Para concluir o ciclo apocalíptico chegamos a Carnage, uma colaboração entre Nick e o multi-instrumentista Warren Ellis, já citado aqui, amigo de Cave e integrante dos Bad Seeds, é uma meditação relativamente tranquila sobre a salvação espiritual na era da solidão. Em cada uma das oito faixas do álbum, Cave tenta dar sentido ao seu lugar no mundo, conforme ele o vê desmoronando ao seu redor. Carnage mostra que o único artista que estava “preparado” para meses de bloqueio e distanciamento social por conta da profunda imersão em um contexto de mortes, com toda certeza seria Nick Cave, cuja musica vem lidando com o conceito de perda há algum tempo. Uma coisa é certa para quem acompanha a carreira do musico australiano e sua banda: o macabro é tema transversal de suas composições.


Na abertura do álbum, “Hand of God”, através de um blues disperso, porém barulhento e desconstrucionista, ele canta sobre pessoas que buscam o paraíso, transformando essa busca em uma história de sobrevivência, esperando por intervenção (aquele mesmo que em outrora, como já havia dito aqui antes, cantara “Eu não acredito em um Deus intervencionista”). É forte e evocativo, especialmente quando uma voz canta, "mão de deus", em falsete atrás de seu barítono. As cordas de Ellis se expandem ao seu redor, como ondas ultrapassando-o.


Boa parte das canções de Nick, principalmente nos últimos álbuns, vêm falando sobre se despedir de alguém que você ama, através de um movimento inverso essa mesma temática ganha áreas de reencontro. A faixa “Albuquerque”, por sinal minha preferida, fala sobre se sentir feliz diante de uma situação irreversível, ele canta “And we won't get to anywhere / Anytime this year, darling”, e sob a flutuação de sintetizadores chorosos ele complementa “Anytimes this year / we won´t get to anywhere, Darling”, a realidade desejada só é possível no campo imagético, mas efetivamente ela se torna acessível no fim.


É em White Elephant que Nick demonstra o auge de sua revolta, mesmo sempre se abstendo de um posicionamento politico em boa parte de sua vida, até mesmo por ser um homem perturbado por muitas dores existenciais, dessa vez ele se abstém de se abster e apunhala a extrema direita de tal forma que com certeza eles devem ter sentido de imediato assim que ouviram a canção. É interessante falar que Nick sempre foi um cara bastante querido no espectro ideológico à direita, não apenas por ser essa pessoa que transparece um distanciamento do meio político, mesmo evitando falar até desse distanciamento, mas principalmente por cantar acerca de Deus.
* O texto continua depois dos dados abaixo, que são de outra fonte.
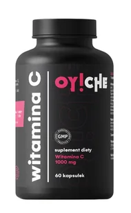OY!CHE Witamina C 1000 mg, kapsułkiSuplement diety zawierający 1000 mg czystej witaminy C w jednej kapsułce (1250% RWS). Wspiera odporność, pomaga zmniejszyć uczucie zmęczenia i wykazuje silne działanie antyoksydacyjne. Idealny dla osób aktywnych, zestresowanych i w okresach obniżonej odporności. Dlaczego warto: 1000 mg witaminy C w 1 kapsułce (1250% RWS)Czysta forma L-askorbinianu – wysoka przyswajalnośćProsty skład:
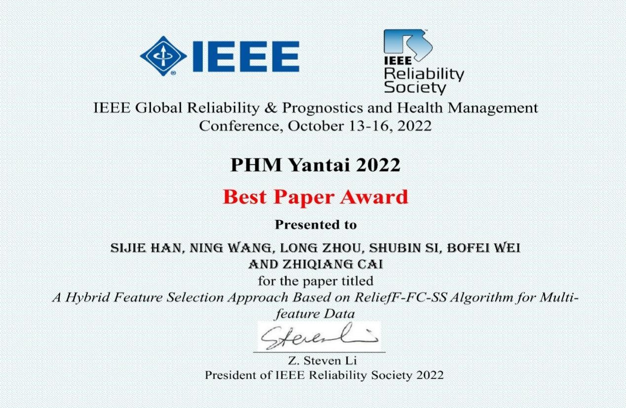 针对以上问题,机电学院蔡志强教授课题组通过特征选择的方式从海量原始数据中获取重大装备故障诊断有效信息,相关成果《A Hybrid Feature Selection Approach Based on ReliefF-FC-SS Algorithm for Multi-feature Data》被13th IEEE Global Reliability & Prognostics and Health Management Conference(PHM)国际顶级会议录用并荣获“Best Paper Award”。该会议由IEEE可靠性协会提供赞助和支持,致力于提高机械装备和产品的可靠性、可用性、系统安全性和维护性。会议涉及航空航天和军事系统、电子设备、制造工艺、云计算和核动力等各个研究领域,汇集学术、工程和管理学科的世界级专家,为学术思想交流提供了一个重要的跨学科交流平台。论文第一作者是西北工业大学机电学院韩思杰硕士研究生,通讯作者为西北工业大学机电学院蔡志强教授。该论文的研究成果由西北工业大学机电学院作为第一单位和通讯作者单位、西安航空发动机(集团)有限责任公司作为合作单位共同完成。该项研究工作受到国家自然科学基金重点项目、国家自然科学基金面上项目和陕西省重点研发项目支持。
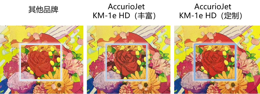 AccurioJet KM-1e HD采用了獨特的HS-UV墨水與固化系統,憑借其墨滴瞬凝技術,使得墨滴邊緣銳利,成像質量更高,層次感更豐富,可在多種材質上均可實現高質量印刷。
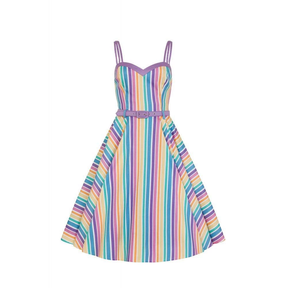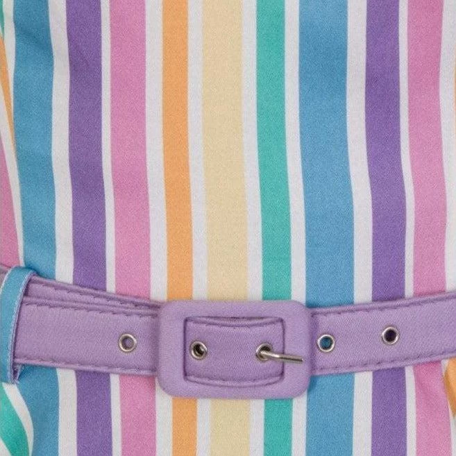 The clouds have disappeared, the sun has come out and from above the Nova Rainbow Stripe Swing Dress has emerged! It’s fabulously fun and it features pretty pastel stripes in an array of rainbow colors! With a gorgeous sweetheart neckline with a wide bordered edge to match all the trimmings; including the adjustable triple shoulder straps and the pastel purple waist belt to cinch accentuate your shape. Complete with practical side-seam pockets and fastens at the back with a hidden zipper.
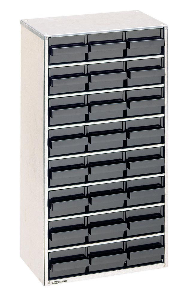 Kleinteilemagazin ESD Stahlmagazin 1224-02 B.306xT.150xH.552mm leitfähig m.24 Schubl. schwarz a.ESD-PP Rahmen galv. inkl. Erdungskabel
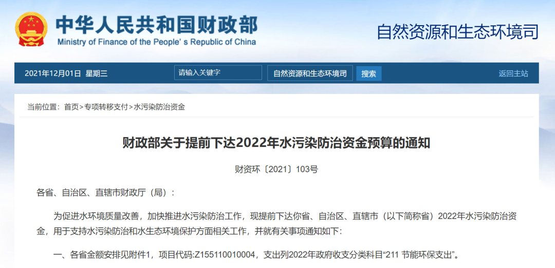11月17日,財政部發(fā)布《關(guān)于提前下達(dá)2022年水污染防治資金預(yù)算的通知》,對2022年的水污染防治資金做了安排。
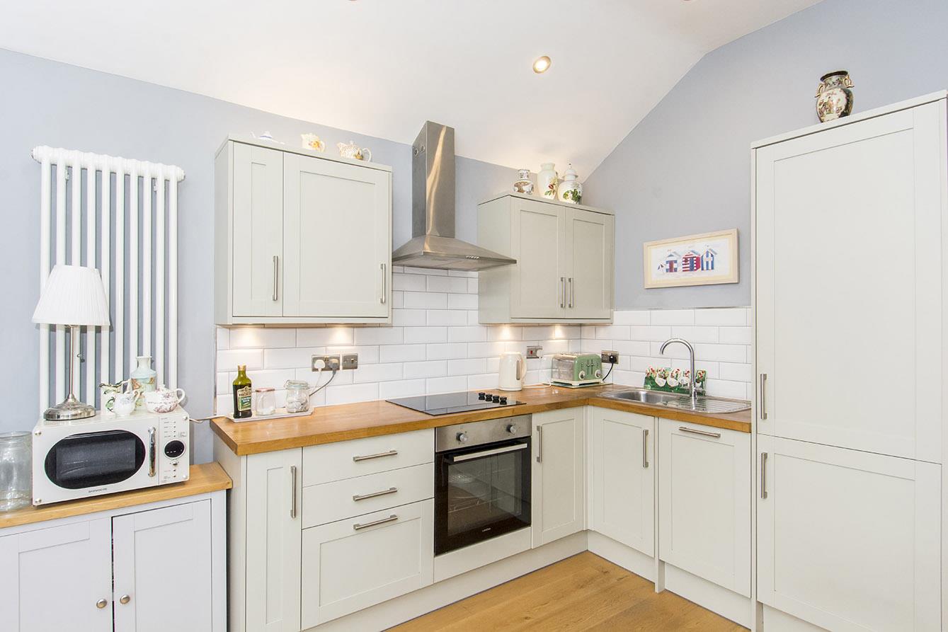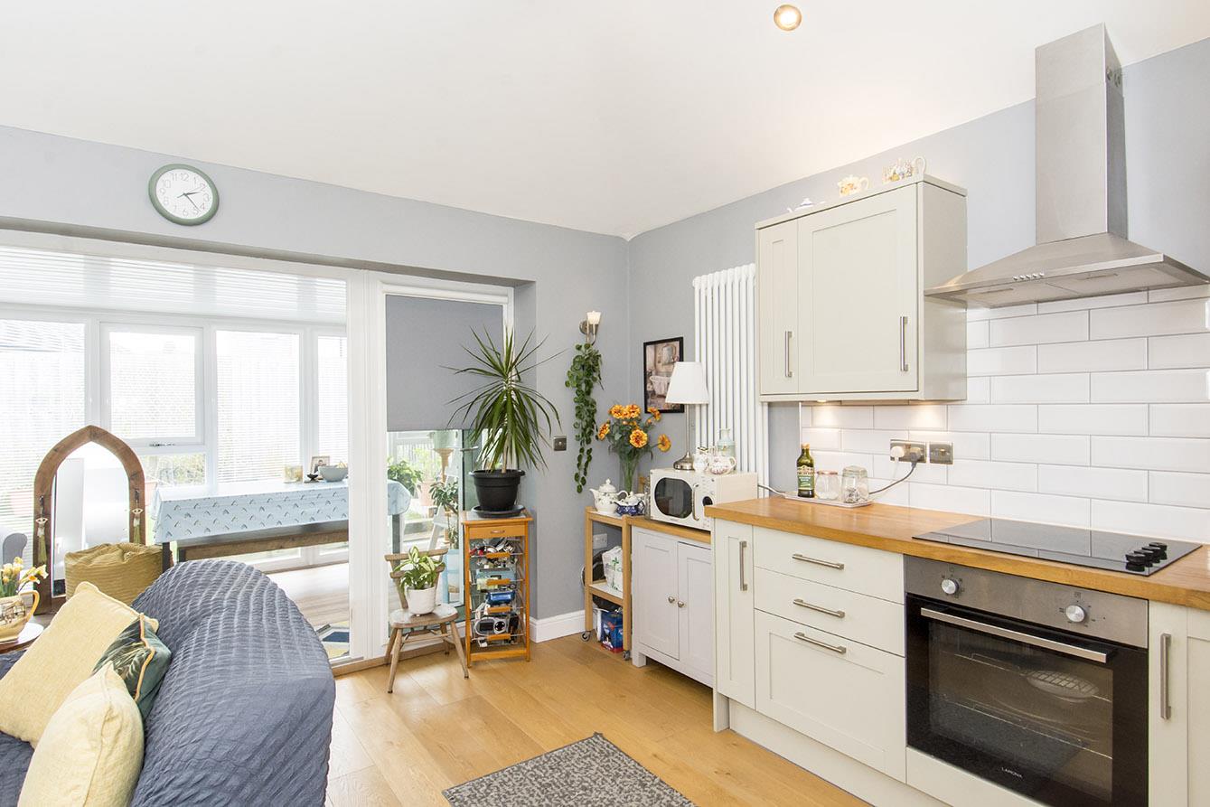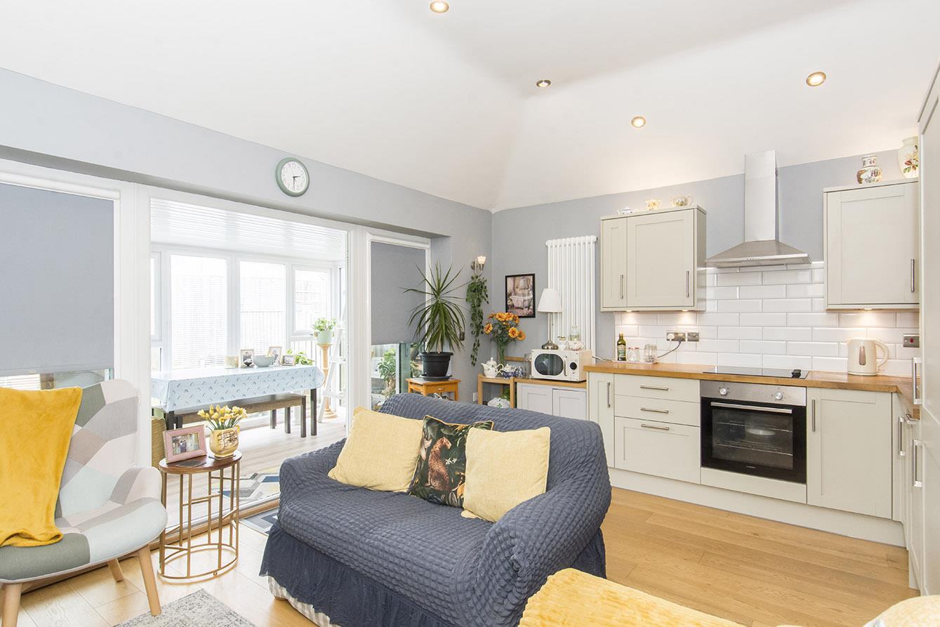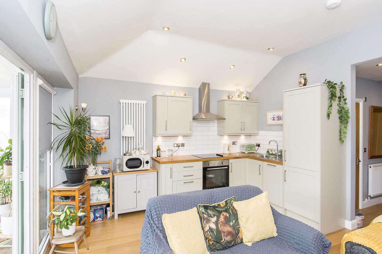 Open Plan Living, Dining, Kitchen - 4.75m x 3.76m (15'7" x 12'4") - The heart of the home is the open-plan living kitchen, which boasts modern cabinets and integrated appliances, making it a joy for any cooking enthusiast. The adjoining lounge area is a serene space, ideal for relaxation, The kitchen is fitted with a range of wall and base units with wood block work surfaces over, stainless steel with mixer taps, electric oven, electric hob with extractor fan over, integrated fridge-freezer and dishwasher. Solid oak flooring throughout and a vertical radiator as well as a radiator in a decorative cabinet.
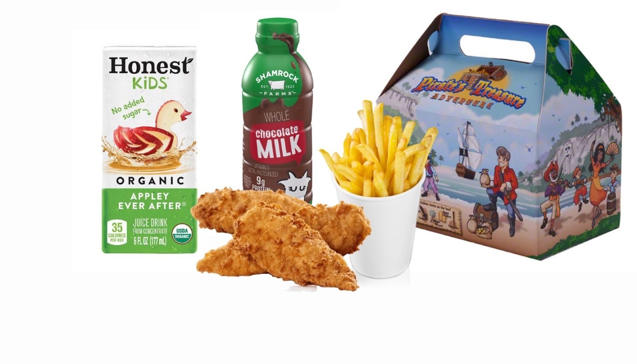 2 Chicken tenders, Small Fries, and Drink choice. Served in a pirate box!
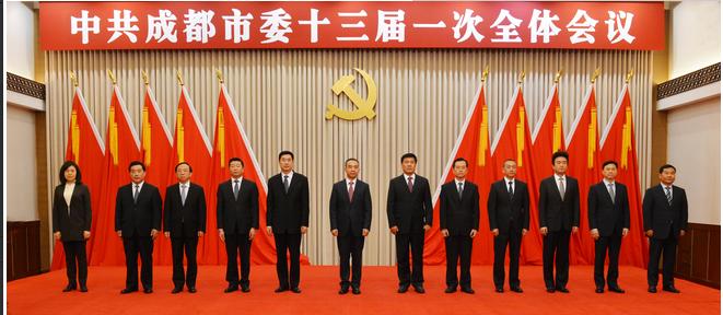 【香港商报网讯】记者 付莉莉 报道: 4月28日,成都市第十三次党代会胜利闭幕。在中共成都市委十三届一次全会上当选的市委书记范锐平,市委副书记罗强、朱志宏,市委常委胡元坤、吴凯、王波、谢瑞武、王川红、廖仁松、苟正礼、田蓉(女)、左正首次集体亮相。
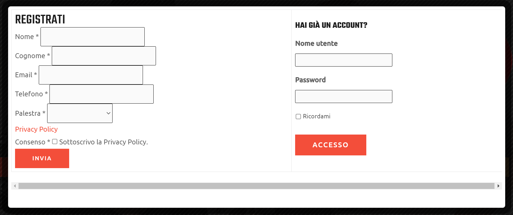 Come si vede dal contenuto del form, veniva richiesto all'utente di registrarsi per avere informazioni sui contenuti indicati nei pulsanti ("palestre", "servizi" e "chi siamo"). Veniva richiesto di indicare obbligatoriamente nome, cognome, email e telefono e veniva richiesto obbligatoriamente di "sottoscrivere" la privacy policy. Quest'ultima tuttavia non risultava in alcun modo raggiungibile, perché il link in rosso "Privacy Policy" rimandava all'home page e lo stesso avveniva cliccando sul link "Privacy & Cookies Policy" presente in home page. In mancanza di detta informativa, non era possibile comprendere per quali finalità venissero raccolti questi dati, con quali modalità e da chi sarebbero stati trattati, né come fosse possibile esercitare i propri diritti. Peraltro, non si comprendeva neanche quale utilità avrebbe dovuto trarre un utente da tale registrazione visto che, per avere informazioni su "palestre", "servizi" e "chi siamo", non dovrebbe - di norma - essere necessario rilasciare alcun dato personale, né tantomeno registrarsi a un servizio. È risultato inoltre confermato che non era presente alcun campo per la richiesta di consenso alla ricezione di messaggi promozionali ad eccezione del campo "consenso" posto in calce e contrassegnato come obbligatorio, che però faceva riferimento a "Sottoscrivo la Privacy Policy".

É em White Elephant que Deus ganha uma nova conotação, partindo do principio de que o elefante branco seria uma espécie de esfinge política e Deus um manifestante reivindicando perante sua existência, ele canta “The white hunter sits on his porch / With his elephant gun and his tears / He'll shoot you for free if you come around here / A protester kneels on the neck of a statue / The statue says "I can't breathe" / The protester says "Now you know how it feels", em tradução livre ficaria como “O caçador branco está sentado em sua varanda / Com sua arma de elefante e suas lágrimas / Ele vai atirar em você de graça se você vier por aqui / Um manifestante se ajoelha no pescoço de uma estátua / A estátua diz “não consigo respirar” / O manifestante diz “agora você sabe como é”. Mas no meio da música, com o som de tambores de metralhadora, a violência termina abruptamente, Cave e um coro cantam em êxtase: "A hora está chegando, a hora está próxima / Para o Reino no Céu." É um momento em que as nuvens estacionam e a esperança brilha.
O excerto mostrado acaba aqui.